Tony Blair will finally deliver on his promise to young voters to introduce 24-hour drinking in bars and pubs next summer.
Plans to allow licensed premises to sell alcohol around the clock, seven days a week, will be included in this month's Queen's Speech. The proposed new Act will also enable shops and supermarkets to apply for licences permitting them to sell drink throughout the night.
It is hoped that the new, more flexible licensing hours will be in place by next July.
News of the change will come as a relief to those who voted Labour in last year's general election after being promised an end to traditional pub closing times.
In the weeks leading up to the poll, first-time voters were bombarded with text messages, reading: "cdnt give a xxxx 4 lst orders? vote labour on thrsdy 4 xtra time".
Ministers believe a Continental-style approach to licensing will help to promote law and order. They hope it will encourage people to leave pubs in small groups, rather than waiting to be turned out at closing time, thus ending the "binge-drinking" culture fostered by the rush to consume as much alcohol as possible by last orders.
But others argue liberalised licensing laws will lead to an increase in crime. In Camden Town, north London, residents who live cheek by jowl with pubs and clubs blame a late-night culture for a dramatic increase in crime.

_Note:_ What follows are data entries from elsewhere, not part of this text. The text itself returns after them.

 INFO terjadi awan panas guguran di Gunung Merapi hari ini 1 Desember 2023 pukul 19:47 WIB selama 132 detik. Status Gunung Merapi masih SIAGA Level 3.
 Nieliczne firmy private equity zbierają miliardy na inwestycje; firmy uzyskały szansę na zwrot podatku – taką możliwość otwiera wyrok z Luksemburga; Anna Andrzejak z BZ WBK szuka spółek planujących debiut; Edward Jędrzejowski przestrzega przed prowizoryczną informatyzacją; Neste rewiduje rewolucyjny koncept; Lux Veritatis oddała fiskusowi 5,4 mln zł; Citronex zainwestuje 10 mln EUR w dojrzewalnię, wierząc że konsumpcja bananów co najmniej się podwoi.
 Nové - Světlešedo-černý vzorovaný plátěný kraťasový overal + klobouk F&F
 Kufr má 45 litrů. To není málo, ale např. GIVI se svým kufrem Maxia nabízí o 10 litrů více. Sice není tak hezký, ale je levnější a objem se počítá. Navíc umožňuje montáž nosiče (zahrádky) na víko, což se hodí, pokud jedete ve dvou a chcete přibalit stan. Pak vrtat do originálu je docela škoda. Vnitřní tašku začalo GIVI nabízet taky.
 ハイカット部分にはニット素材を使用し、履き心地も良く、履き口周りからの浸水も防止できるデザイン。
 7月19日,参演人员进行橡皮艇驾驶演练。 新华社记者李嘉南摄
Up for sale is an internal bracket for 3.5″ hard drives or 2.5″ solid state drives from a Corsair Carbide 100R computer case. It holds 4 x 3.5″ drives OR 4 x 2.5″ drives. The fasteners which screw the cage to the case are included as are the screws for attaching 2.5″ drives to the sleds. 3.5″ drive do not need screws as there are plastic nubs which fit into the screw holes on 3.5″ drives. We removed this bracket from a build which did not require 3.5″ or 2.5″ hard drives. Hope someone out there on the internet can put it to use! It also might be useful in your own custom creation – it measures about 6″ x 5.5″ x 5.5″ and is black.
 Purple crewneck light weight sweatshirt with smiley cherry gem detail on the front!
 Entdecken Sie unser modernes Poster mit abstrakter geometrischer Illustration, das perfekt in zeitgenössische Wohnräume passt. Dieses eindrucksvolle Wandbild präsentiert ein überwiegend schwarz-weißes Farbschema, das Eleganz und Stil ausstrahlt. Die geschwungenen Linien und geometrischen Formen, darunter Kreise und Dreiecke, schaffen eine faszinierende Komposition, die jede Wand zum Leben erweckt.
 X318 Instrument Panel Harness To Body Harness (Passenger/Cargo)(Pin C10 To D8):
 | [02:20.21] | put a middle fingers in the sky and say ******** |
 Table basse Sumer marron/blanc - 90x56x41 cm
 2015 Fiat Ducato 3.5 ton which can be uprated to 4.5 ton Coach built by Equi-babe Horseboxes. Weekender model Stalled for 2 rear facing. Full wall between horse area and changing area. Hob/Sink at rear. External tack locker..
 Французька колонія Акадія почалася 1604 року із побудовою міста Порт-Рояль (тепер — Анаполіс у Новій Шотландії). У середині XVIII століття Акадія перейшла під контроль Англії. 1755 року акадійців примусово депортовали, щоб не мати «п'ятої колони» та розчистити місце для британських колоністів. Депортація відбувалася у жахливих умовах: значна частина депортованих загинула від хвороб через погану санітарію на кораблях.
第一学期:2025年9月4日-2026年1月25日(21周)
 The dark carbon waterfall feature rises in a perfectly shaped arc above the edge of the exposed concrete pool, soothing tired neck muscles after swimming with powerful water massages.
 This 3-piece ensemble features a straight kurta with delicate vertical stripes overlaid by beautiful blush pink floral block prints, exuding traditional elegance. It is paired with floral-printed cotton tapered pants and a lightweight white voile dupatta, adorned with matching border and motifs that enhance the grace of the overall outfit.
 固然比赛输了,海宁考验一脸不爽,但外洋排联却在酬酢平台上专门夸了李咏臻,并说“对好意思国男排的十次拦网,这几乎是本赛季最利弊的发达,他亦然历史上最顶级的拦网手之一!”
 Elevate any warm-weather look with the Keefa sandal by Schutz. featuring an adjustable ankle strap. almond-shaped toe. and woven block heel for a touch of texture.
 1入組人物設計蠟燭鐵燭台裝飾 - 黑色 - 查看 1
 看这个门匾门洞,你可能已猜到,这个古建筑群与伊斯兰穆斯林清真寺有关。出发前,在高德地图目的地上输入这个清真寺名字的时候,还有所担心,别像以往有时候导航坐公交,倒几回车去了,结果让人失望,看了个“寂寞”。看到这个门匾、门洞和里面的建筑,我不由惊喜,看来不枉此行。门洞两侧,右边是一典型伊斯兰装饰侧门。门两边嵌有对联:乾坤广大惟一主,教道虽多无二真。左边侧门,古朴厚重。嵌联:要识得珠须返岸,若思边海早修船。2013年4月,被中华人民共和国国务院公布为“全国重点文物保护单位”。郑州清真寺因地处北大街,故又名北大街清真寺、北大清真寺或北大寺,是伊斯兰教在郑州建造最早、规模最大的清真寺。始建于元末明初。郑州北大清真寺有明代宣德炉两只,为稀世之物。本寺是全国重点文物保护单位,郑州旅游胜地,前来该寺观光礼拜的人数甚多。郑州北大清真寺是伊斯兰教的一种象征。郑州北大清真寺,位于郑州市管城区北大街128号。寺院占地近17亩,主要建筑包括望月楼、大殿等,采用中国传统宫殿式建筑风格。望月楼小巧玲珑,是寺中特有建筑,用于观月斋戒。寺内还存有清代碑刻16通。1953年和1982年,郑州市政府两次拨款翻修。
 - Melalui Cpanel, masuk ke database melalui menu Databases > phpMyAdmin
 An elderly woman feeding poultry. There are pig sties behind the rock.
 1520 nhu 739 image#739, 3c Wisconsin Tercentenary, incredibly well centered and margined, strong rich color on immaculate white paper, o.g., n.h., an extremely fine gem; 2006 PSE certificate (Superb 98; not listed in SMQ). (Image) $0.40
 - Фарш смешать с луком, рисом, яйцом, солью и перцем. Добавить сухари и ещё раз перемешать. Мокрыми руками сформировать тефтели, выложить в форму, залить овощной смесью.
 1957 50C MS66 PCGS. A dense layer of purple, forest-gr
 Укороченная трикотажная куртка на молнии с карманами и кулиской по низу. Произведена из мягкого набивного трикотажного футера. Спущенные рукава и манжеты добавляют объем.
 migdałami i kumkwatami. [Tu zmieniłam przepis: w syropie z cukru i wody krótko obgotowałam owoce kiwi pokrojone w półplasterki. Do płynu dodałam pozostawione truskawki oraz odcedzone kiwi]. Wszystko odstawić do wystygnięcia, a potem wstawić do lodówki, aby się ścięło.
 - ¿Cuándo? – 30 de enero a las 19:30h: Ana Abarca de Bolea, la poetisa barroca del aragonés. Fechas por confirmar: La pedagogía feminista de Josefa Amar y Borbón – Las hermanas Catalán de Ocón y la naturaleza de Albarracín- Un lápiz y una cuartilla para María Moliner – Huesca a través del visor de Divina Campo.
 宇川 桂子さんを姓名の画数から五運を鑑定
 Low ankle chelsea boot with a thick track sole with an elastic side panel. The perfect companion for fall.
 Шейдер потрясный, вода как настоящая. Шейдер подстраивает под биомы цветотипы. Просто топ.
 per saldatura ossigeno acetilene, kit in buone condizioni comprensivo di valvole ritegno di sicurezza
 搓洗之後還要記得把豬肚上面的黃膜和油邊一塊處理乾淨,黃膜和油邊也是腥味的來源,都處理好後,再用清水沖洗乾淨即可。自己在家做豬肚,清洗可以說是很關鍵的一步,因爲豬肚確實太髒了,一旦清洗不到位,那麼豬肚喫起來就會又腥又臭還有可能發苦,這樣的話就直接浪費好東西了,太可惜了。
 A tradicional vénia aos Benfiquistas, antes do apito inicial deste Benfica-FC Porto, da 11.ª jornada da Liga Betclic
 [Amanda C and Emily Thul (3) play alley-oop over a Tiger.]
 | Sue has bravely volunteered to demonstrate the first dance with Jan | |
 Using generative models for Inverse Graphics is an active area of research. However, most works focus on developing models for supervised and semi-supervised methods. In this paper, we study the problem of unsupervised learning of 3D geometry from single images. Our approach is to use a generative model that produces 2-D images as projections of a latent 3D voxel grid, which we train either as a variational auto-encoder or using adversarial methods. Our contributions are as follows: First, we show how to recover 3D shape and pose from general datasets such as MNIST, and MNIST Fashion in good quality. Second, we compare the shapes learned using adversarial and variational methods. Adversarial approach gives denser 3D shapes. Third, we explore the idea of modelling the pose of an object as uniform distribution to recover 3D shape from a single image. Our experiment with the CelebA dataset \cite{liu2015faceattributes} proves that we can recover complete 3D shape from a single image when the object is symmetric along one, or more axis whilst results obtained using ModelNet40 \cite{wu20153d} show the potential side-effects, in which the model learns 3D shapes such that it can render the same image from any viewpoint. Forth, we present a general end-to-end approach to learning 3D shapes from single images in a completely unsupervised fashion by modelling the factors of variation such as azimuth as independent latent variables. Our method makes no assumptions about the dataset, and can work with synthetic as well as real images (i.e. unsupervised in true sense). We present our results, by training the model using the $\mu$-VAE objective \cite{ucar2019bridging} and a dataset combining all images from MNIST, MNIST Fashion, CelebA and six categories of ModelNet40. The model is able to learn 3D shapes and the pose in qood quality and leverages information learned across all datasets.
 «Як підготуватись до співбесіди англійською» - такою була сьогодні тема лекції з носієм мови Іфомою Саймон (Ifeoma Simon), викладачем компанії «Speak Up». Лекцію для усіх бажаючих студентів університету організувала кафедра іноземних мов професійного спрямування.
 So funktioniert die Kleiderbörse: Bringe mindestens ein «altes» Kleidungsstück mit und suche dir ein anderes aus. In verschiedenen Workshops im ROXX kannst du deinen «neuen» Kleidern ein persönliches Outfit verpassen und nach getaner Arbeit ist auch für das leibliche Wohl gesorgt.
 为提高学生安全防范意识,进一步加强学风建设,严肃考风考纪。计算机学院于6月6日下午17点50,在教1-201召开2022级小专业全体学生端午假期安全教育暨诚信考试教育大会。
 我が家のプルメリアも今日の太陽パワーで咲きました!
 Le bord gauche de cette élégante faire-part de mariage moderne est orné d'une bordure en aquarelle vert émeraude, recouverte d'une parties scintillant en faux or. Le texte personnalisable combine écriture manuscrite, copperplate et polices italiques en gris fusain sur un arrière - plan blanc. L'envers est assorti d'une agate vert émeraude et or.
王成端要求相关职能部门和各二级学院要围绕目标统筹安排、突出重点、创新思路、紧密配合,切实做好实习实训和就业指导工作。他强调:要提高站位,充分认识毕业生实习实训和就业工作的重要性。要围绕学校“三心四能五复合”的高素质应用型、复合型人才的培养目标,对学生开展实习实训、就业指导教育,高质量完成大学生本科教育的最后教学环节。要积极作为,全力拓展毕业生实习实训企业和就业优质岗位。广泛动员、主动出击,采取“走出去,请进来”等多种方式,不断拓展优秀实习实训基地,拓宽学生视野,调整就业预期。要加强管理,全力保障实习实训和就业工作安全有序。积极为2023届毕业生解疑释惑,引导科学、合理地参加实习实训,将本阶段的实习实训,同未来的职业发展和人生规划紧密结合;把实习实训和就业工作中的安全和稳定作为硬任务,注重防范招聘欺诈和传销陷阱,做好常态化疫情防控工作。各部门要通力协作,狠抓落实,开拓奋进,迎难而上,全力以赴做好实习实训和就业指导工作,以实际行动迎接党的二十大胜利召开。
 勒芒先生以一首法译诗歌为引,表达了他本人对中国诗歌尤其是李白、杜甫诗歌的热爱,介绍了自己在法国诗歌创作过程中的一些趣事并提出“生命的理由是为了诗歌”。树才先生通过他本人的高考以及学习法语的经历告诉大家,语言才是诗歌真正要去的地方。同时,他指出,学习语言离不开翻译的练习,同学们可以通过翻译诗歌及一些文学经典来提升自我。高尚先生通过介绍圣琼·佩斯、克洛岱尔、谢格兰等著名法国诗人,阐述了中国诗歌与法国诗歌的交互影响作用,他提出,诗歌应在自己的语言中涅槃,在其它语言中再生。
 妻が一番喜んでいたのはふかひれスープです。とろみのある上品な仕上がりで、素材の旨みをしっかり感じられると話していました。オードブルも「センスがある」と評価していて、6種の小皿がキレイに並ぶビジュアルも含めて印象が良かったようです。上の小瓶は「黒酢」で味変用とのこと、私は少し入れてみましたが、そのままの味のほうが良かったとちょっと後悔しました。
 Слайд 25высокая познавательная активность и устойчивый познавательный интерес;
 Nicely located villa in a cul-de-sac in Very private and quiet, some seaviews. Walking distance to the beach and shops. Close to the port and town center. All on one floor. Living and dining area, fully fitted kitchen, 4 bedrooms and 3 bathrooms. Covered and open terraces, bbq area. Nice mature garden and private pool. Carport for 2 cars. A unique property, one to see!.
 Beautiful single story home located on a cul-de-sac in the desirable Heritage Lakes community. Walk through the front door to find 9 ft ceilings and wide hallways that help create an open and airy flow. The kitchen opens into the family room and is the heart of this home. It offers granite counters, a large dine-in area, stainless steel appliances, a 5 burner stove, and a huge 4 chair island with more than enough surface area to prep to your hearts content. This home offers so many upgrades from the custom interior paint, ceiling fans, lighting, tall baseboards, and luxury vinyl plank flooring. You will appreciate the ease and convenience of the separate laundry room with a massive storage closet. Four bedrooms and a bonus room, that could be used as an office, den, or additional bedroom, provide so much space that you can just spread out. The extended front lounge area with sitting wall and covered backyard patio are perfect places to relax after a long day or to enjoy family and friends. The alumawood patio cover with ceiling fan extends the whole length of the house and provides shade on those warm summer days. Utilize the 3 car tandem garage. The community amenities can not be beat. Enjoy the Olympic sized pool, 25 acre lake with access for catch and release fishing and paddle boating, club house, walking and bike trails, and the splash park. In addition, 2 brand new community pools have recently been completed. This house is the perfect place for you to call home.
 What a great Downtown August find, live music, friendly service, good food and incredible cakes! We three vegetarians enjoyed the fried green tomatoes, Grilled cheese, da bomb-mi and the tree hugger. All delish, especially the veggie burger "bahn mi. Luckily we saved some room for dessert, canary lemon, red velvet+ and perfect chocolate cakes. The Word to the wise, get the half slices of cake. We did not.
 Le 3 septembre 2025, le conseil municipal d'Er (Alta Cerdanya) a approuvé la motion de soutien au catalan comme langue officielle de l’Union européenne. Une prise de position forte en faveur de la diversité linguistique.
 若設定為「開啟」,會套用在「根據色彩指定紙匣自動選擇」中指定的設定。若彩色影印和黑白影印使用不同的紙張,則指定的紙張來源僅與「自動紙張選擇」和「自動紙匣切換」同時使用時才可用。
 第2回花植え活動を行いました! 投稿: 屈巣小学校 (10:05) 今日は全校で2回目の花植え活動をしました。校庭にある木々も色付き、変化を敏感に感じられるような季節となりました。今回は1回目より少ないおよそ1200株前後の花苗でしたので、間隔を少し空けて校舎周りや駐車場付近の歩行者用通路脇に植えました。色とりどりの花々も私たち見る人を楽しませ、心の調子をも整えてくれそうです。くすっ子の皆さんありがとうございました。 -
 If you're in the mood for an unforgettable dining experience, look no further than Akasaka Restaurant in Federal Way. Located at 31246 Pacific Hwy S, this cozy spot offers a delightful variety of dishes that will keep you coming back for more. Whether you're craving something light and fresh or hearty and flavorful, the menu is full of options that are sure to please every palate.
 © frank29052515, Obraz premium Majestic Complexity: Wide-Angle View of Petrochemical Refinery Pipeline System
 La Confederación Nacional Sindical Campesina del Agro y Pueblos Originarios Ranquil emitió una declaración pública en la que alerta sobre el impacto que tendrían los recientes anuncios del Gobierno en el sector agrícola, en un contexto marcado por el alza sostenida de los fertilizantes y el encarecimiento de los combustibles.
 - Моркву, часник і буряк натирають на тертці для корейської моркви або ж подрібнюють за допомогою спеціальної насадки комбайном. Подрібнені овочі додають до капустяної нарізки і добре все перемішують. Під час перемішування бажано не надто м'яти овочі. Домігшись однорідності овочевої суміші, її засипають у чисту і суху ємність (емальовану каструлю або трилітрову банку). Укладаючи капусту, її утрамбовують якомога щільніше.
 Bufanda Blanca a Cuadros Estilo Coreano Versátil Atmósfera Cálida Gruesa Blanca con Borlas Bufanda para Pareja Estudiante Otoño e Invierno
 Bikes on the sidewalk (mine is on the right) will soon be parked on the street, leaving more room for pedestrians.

Mark Hapgood QC, a leading commercial lawyer, has been mugged near his home three times in three months. "I think 24-hour licensing is a bad idea," he said. "People will come to Camden late at night, and that attracts drug dealers, beggars and prostitutes. Any move to lengthen licensing laws should come with an increase in policing."
At the nearby Dublin Castle in Camden Town, Radio 1's "most important small music venue", where Madness, Travis and Blur cut their teeth, landlord Henry Conlon argued that the pubs in the area kept crime down rather than adding to it. "With longer hours we will lose the lager lout culture," he said. "The bouncers here have caught bag snatchers, moved on drug addicts and stopped people drink-driving. We keep an eye on the area."
While the licensing Bill will offer far more flexibility around the purchase and consumption of alcohol, the new "rights" will be balanced by additional responsibilities.
In particular, tough new measures will be introduced to deal with rogue landlords who permit their premises to become rowdy or violent.